Pocas flores son como personas. Y
los insectos son como personas, pues aman las flores y los olores y los
colores.
El recuerdo verdadero más
antiguos que tengo de mi infancia (no el recuerdo de que recordé, o el falso
recuerdo que surge de una foto tuya, sino una auténtica imagen desde dentro) es
el de un montículo de suelo cubierto de hierba verde, del que salían decenas de
margaritas iluminadas por un sol brillante, en un huerto que tuvo la casa de
mis padres en Huelva hasta que yo tuve 4 años. Yo debía de tener tres o quizás
cuatro años. Sólo tengo otros dos recuerdos más que sean tan antiguos como ese.

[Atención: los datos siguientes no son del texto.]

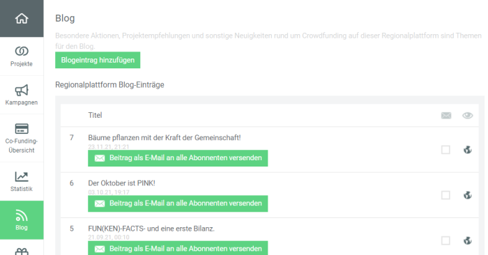 Klick auf „Blogeintrag hinzufügen“ öffnet die Eingabemaske, um einen neuen Blogeintrag anzulegen.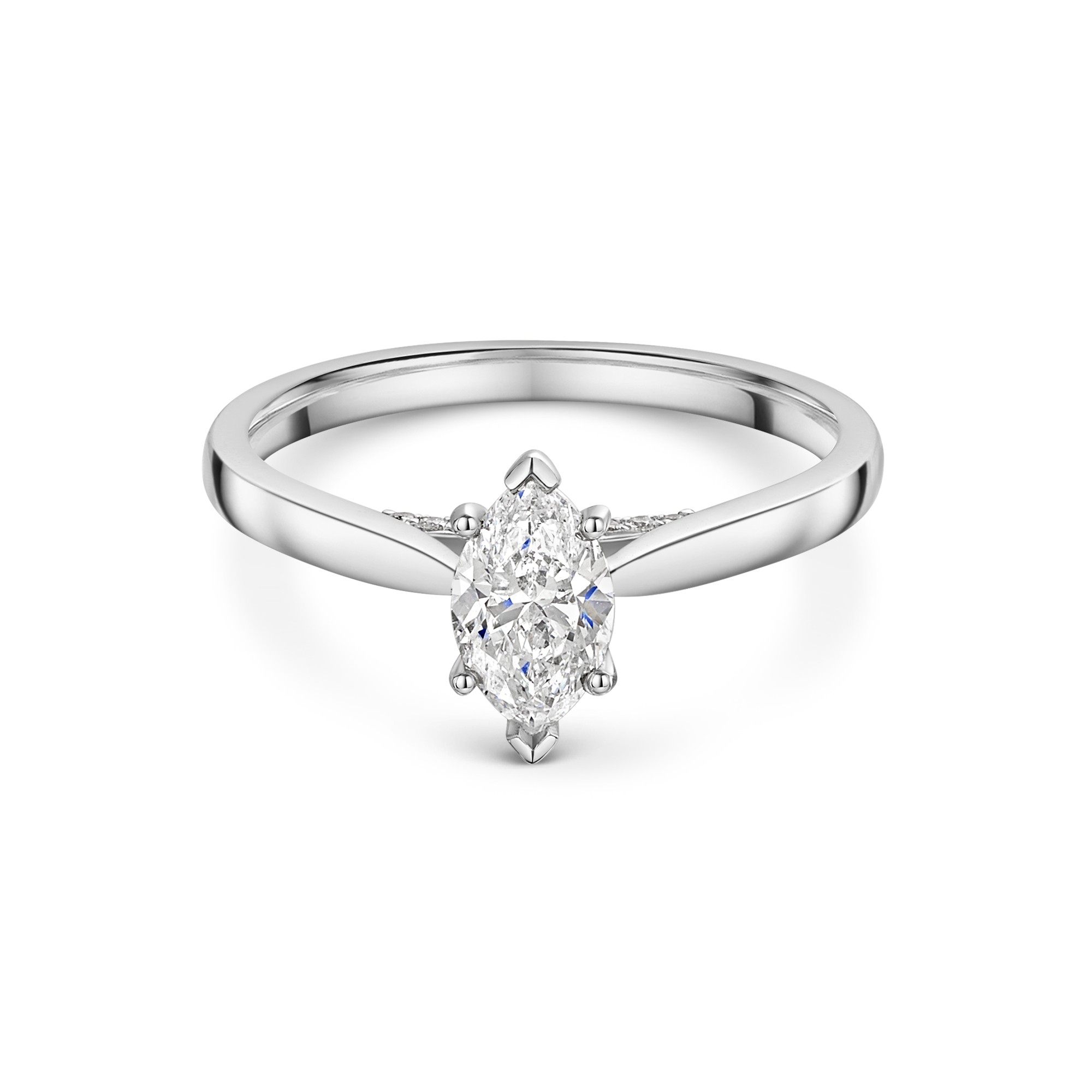 Presenting the Platinum V-Shape Marquise 0.75ct Diamond Solitaire with Diamond Accents from Chisholm Hunter. This exquisite ring features a stunning marquise-cut diamond, set in premium platinum for unmatched durability and timeless beauty.

En todos ellos aparece el intensísimo sol de la mañana andaluza. En todos ellos
estoy descubriendo algo nuevo. Y el recuerdo citado es el primero en el que soy
consciente y así lo recuerdo, del estado de felicidad. Era una felicidad sin
connotaciones de ninguna clase, casi prosaica en su serenidad. Con el aire y la
luz entrando por las oquedades de mi cuerpo y bañando las fosas nasales, los
oídos, la garganta, los pliegues de las articulaciones y los ojos. La paz era
completa y ese cuerpo pequeño que era yo estaba sentado sobre el trono de la
existencia. Tras ese recuerdo, comprenderás que las flores forman parte de los
aliados que acompañan mi vida, y por ello tengo el deber de protegerlas y no me
atrevería a decir nada que pueda dañar su reputación.
Las flores te llaman a gritos a
través de los sentidos, sin que se entienda nunca completamente qué es lo que
quieren decirte exactamente. Steve Wonder también lo cree así y adelanta la
teoría de que "sus hojas son antenas dirigidas hacia las estrellas".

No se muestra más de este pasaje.